WHAT THIS TASK INVOLVES:
The answer should consist of the records below, repeated exactly, and no pictures.

Dataset entries:
=== Begin Enclosure ===
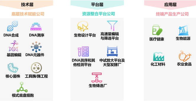 伴隨生物學、生物信息學、計算機、化學等學科的快速發展,合成生物在經濟社會中加速應用滲透,逐步用于加工或合成化學品、藥品、食品、生物能源等產品,為解決資源短缺、環境污染等問題提供了新的解決方案。根據不同類型企業在合成生物相關產業中的不同作用,可以大致將產業鏈條分為技術層、平臺層、應用層三個層級。
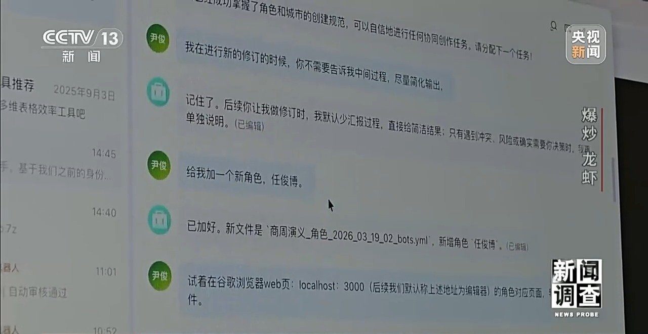 虾虾侦探开发人员:就我自己而言,我是一个完全不懂代码的人,我安装完“龙虾”之后,可能会有很多的问题,那我会选择再去问AI,我这个问题应该怎么解决,然后它真的能够去帮我解决,按照它的指令一步一步去做,所以我觉得就是开放、包容的心态吧。
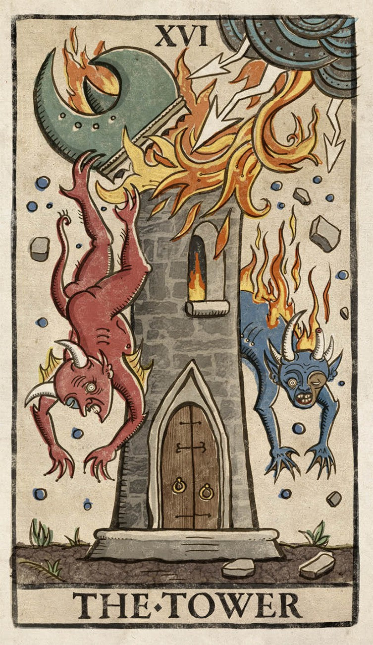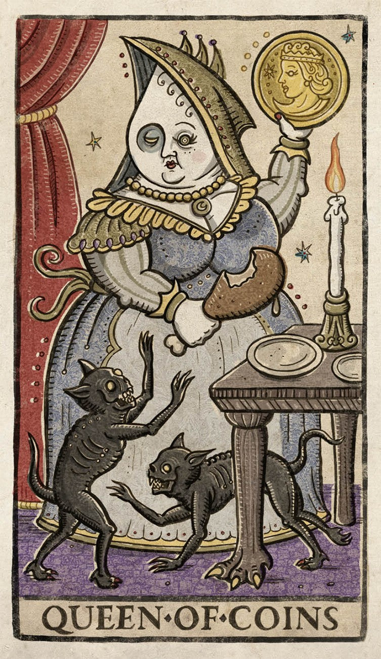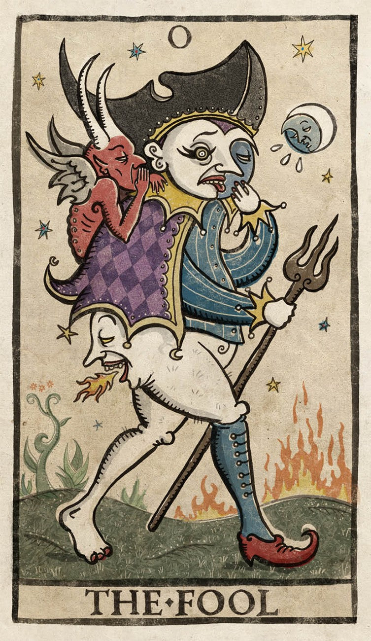 - Classic Style Tarot Deck: Inspired by historic Marseilles style tarot art, follows traditional Rider-Waite format, with uniquely whimsical and satirical interpretations
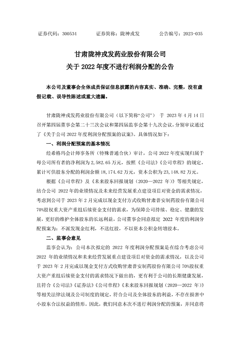 關于2022年度不進行利潤分配的公告
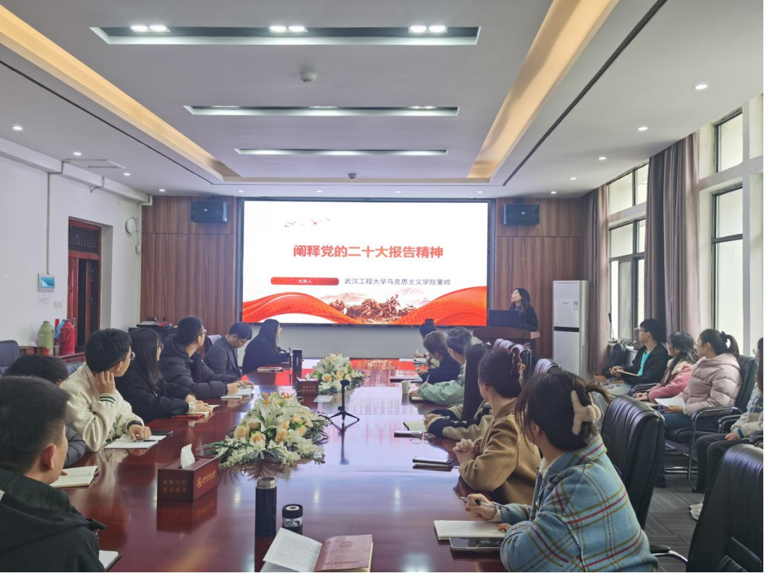董婷以《阐释党的二十大报告精神》为题,深入解读了党的二十大报告中“中国式现代化”提出意义、历史进程、战略目标、发展道路和时代要求。以中国式现代化全面推进中华民族伟大复兴,实现由世界大国向世界强国的跨越,是全党全国人民的共同愿望,是党的二十大向世界宣示的时代最强音。会上,她就“学生党员如何把握和提升理论宣讲能力”做了进一步的交流和探讨。
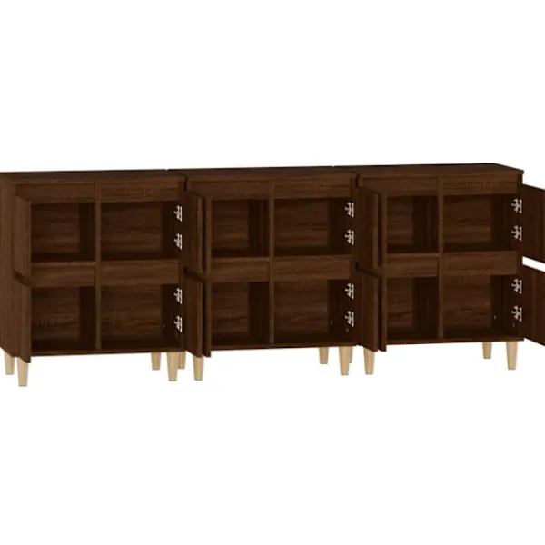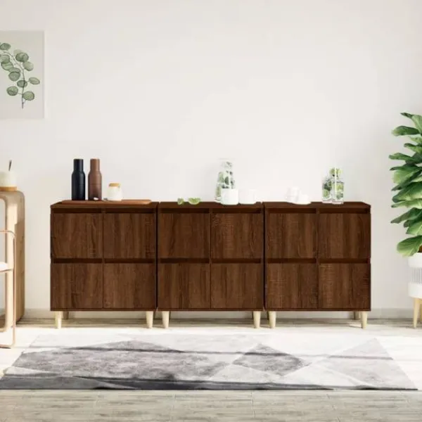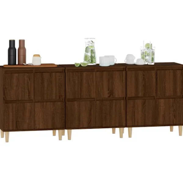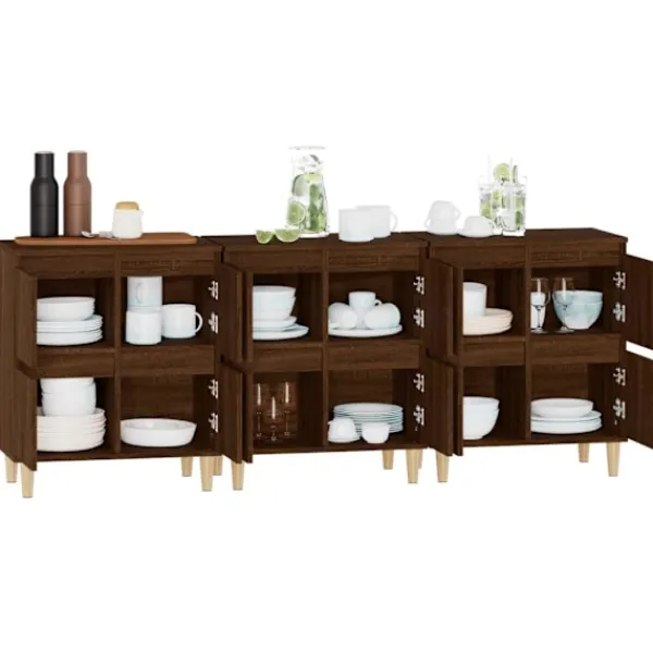 Dessa klassiska skänkar med ett tidlöst utseende kan bli ett perfekt tillägg i din heminredning. Hållbart material: Det konstruerade träet är av exceptionell kvalitet med slät yta och är också starkt, stabilt och fuktbeständigt. Skåpet är tillverkad av konstruerat trä och är lätt att rengöra med en fuktig trasa.Gott om förvaringsutrymme: Skåpet är utrustat med 4 utrymmen, vilket ger gott om förvaringsutrymme för att hålla dina olika dagliga saker välorganiserade och inom räckhåll.Visningsfunktion: Översidan av denna byrå är utmärkt för att placera dina dekorativa föremål, fotoalbum eller små växter på. Varning:För att förhindra att den välter måste denna produkt användas tillsammans med det medföljande väggfästet.
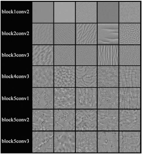卷积层中的不同卷积核会被特定的图像特征激活,图10.2展示了不同卷积层内卷积核的可视化(通过梯度上升得到)。可以看到,低层卷积核寻找的特征较为简单,而高层卷积核寻找的特征比较复杂。
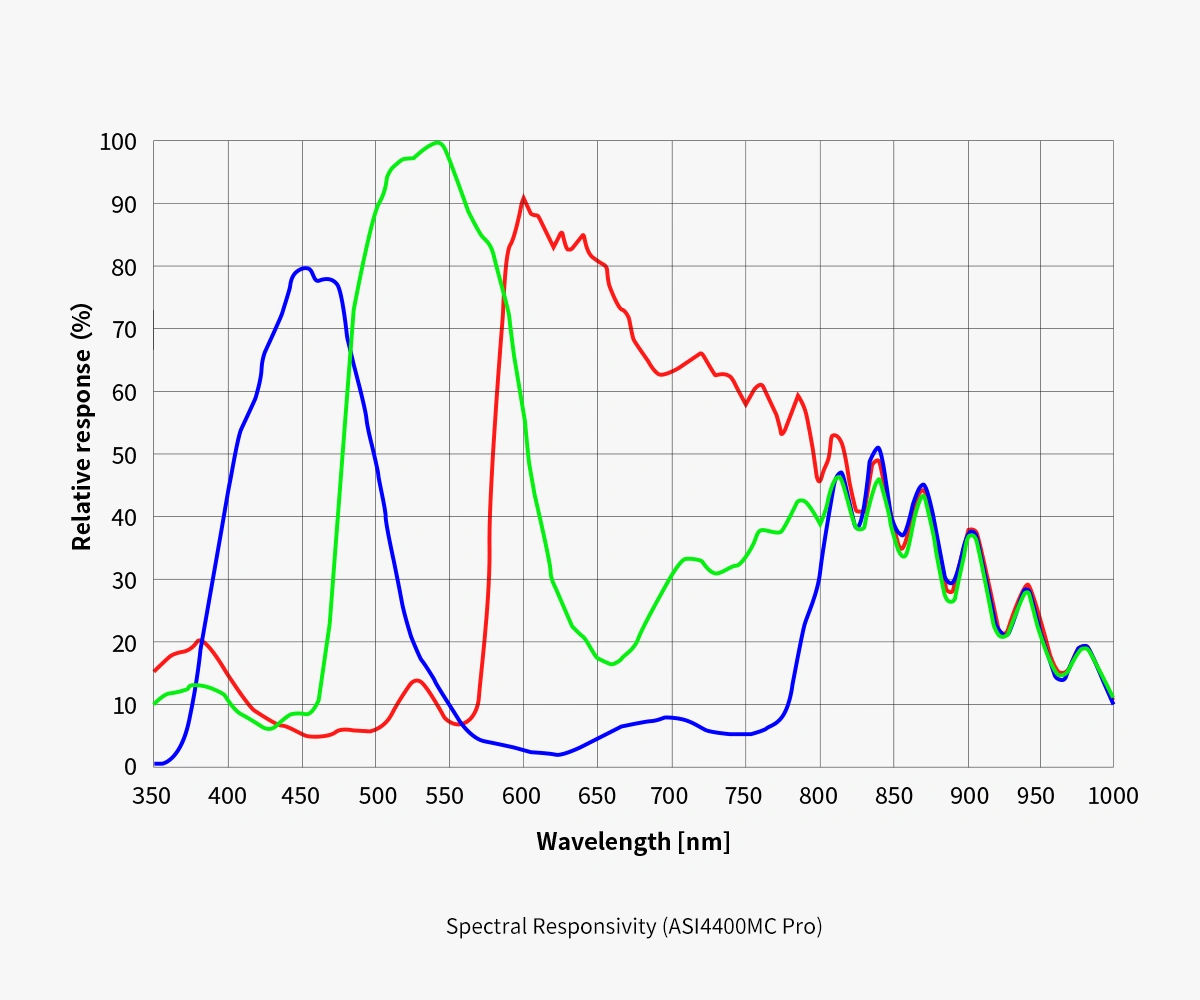La caméra ASI4400MC Pro est équipée d'origine d'un filtre anti-UV et anti-infrarouges placé devant le capteur. Ce filtre bloque les rayonnements ultraviolets et infrarouges indésirables, responsables du flou des étoiles et de la distorsion des couleurs, ne laissant passer que les longueurs d'onde visibles.
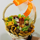 YArkaya korzinka s suhofruktami, i vkusno i krasivo. Buket iz suhofruktov idealen v kachestve komplimenta.Takim s_edobnim buketom mozhno poradovat_ lyubimuyu devushku, mamu, babushku, uchitelya, muzhchinu. Glavnoe preimushestvo etih vkusnih buketov- ih dlitel_nij srok hraneniya! Osobenno ponravitsya tem kto priderzhivaetsya pravil_nogo pitaniya!
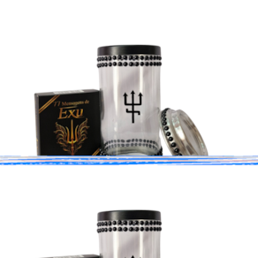 Porta Vela De Vidro Tridente Preto de Exu Decore seu altar ou espaço espiritual com esse Porta Velas. Feito em vidro resistente, com detalhes em pedras pretas e o poderoso símbolo do Tridente de Exu estampado, ideal para rituais, firmezas, oferendas ou simplesmente para manter uma vela acesa em honra a Exu em seu altar.
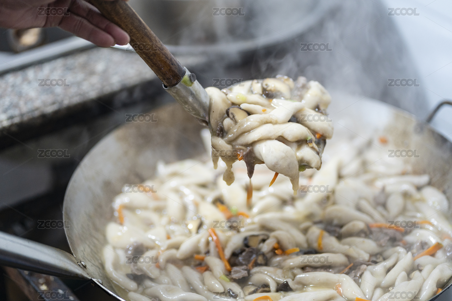 不锈钢锅里煮制的手工制作的客家小吃芋子粄
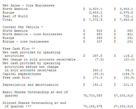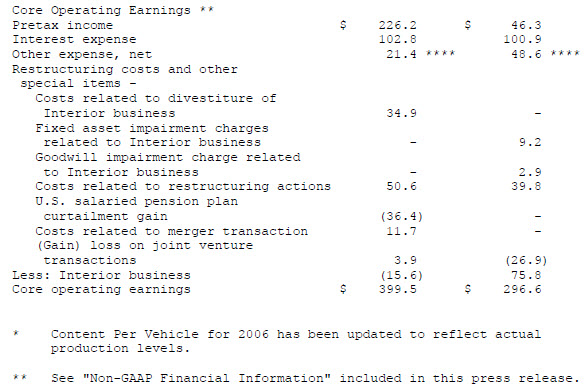 In addition to the results reported in accordance with accounting principles generally accepted in the United States ("GAAP") included throughout this press release, the Company has provided information regarding "seating and electrical and electronic income before interest, other expense, income taxes, restructuring costs and other special items" (core operating earnings), "pretax income before restructuring costs and other special items" and "free cash flow" (each, a non-GAAP financial measure). Other expense includes, among other things, state and local non-income taxes, foreign exchange gains and losses, fees associated with the Company's asset-backed securitization and factoring facilities, minority interests in consolidated subsidiaries, equity in net income of affiliates and gains and losses on the sale of assets. Free cash flow represents net cash provided by operating activities before the net change in sold accounts receivable, less capital expenditures. The Company believes it is appropriate to exclude the net change in sold accounts receivable in the calculation of free cash flow since the sale of receivables may be viewed as a substitute for borrowing activity.
=== End Enclosure ===
EXPECTED ANSWER:
 伴隨生物學、生物信息學、計算機、化學等學科的快速發展,合成生物在經濟社會中加速應用滲透,逐步用于加工或合成化學品、藥品、食品、生物能源等產品,為解決資源短缺、環境污染等問題提供了新的解決方案。根據不同類型企業在合成生物相關產業中的不同作用,可以大致將產業鏈條分為技術層、平臺層、應用層三個層級。
 虾虾侦探开发人员:就我自己而言,我是一个完全不懂代码的人,我安装完“龙虾”之后,可能会有很多的问题,那我会选择再去问AI,我这个问题应该怎么解决,然后它真的能够去帮我解决,按照它的指令一步一步去做,所以我觉得就是开放、包容的心态吧。
 - Classic Style Tarot Deck: Inspired by historic Marseilles style tarot art, follows traditional Rider-Waite format, with uniquely whimsical and satirical interpretations
 關于2022年度不進行利潤分配的公告
董婷以《阐释党的二十大报告精神》为题,深入解读了党的二十大报告中“中国式现代化”提出意义、历史进程、战略目标、发展道路和时代要求。以中国式现代化全面推进中华民族伟大复兴,实现由世界大国向世界强国的跨越,是全党全国人民的共同愿望,是党的二十大向世界宣示的时代最强音。会上,她就“学生党员如何把握和提升理论宣讲能力”做了进一步的交流和探讨。
 Dessa klassiska skänkar med ett tidlöst utseende kan bli ett perfekt tillägg i din heminredning. Hållbart material: Det konstruerade träet är av exceptionell kvalitet med slät yta och är också starkt, stabilt och fuktbeständigt. Skåpet är tillverkad av konstruerat trä och är lätt att rengöra med en fuktig trasa.Gott om förvaringsutrymme: Skåpet är utrustat med 4 utrymmen, vilket ger gott om förvaringsutrymme för att hålla dina olika dagliga saker välorganiserade och inom räckhåll.Visningsfunktion: Översidan av denna byrå är utmärkt för att placera dina dekorativa föremål, fotoalbum eller små växter på. Varning:För att förhindra att den välter måste denna produkt användas tillsammans med det medföljande väggfästet.
卷积层中的不同卷积核会被特定的图像特征激活,图10.2展示了不同卷积层内卷积核的可视化(通过梯度上升得到)。可以看到,低层卷积核寻找的特征较为简单,而高层卷积核寻找的特征比较复杂。
La caméra ASI4400MC Pro est équipée d'origine d'un filtre anti-UV et anti-infrarouges placé devant le capteur. Ce filtre bloque les rayonnements ultraviolets et infrarouges indésirables, responsables du flou des étoiles et de la distorsion des couleurs, ne laissant passer que les longueurs d'onde visibles.
 YArkaya korzinka s suhofruktami, i vkusno i krasivo. Buket iz suhofruktov idealen v kachestve komplimenta.Takim s_edobnim buketom mozhno poradovat_ lyubimuyu devushku, mamu, babushku, uchitelya, muzhchinu. Glavnoe preimushestvo etih vkusnih buketov- ih dlitel_nij srok hraneniya! Osobenno ponravitsya tem kto priderzhivaetsya pravil_nogo pitaniya!
 Porta Vela De Vidro Tridente Preto de Exu Decore seu altar ou espaço espiritual com esse Porta Velas. Feito em vidro resistente, com detalhes em pedras pretas e o poderoso símbolo do Tridente de Exu estampado, ideal para rituais, firmezas, oferendas ou simplesmente para manter uma vela acesa em honra a Exu em seu altar.
 不锈钢锅里煮制的手工制作的客家小吃芋子粄
 In addition to the results reported in accordance with accounting principles generally accepted in the United States ("GAAP") included throughout this press release, the Company has provided information regarding "seating and electrical and electronic income before interest, other expense, income taxes, restructuring costs and other special items" (core operating earnings), "pretax income before restructuring costs and other special items" and "free cash flow" (each, a non-GAAP financial measure). Other expense includes, among other things, state and local non-income taxes, foreign exchange gains and losses, fees associated with the Company's asset-backed securitization and factoring facilities, minority interests in consolidated subsidiaries, equity in net income of affiliates and gains and losses on the sale of assets. Free cash flow represents net cash provided by operating activities before the net change in sold accounts receivable, less capital expenditures. The Company believes it is appropriate to exclude the net change in sold accounts receivable in the calculation of free cash flow since the sale of receivables may be viewed as a substitute for borrowing activity.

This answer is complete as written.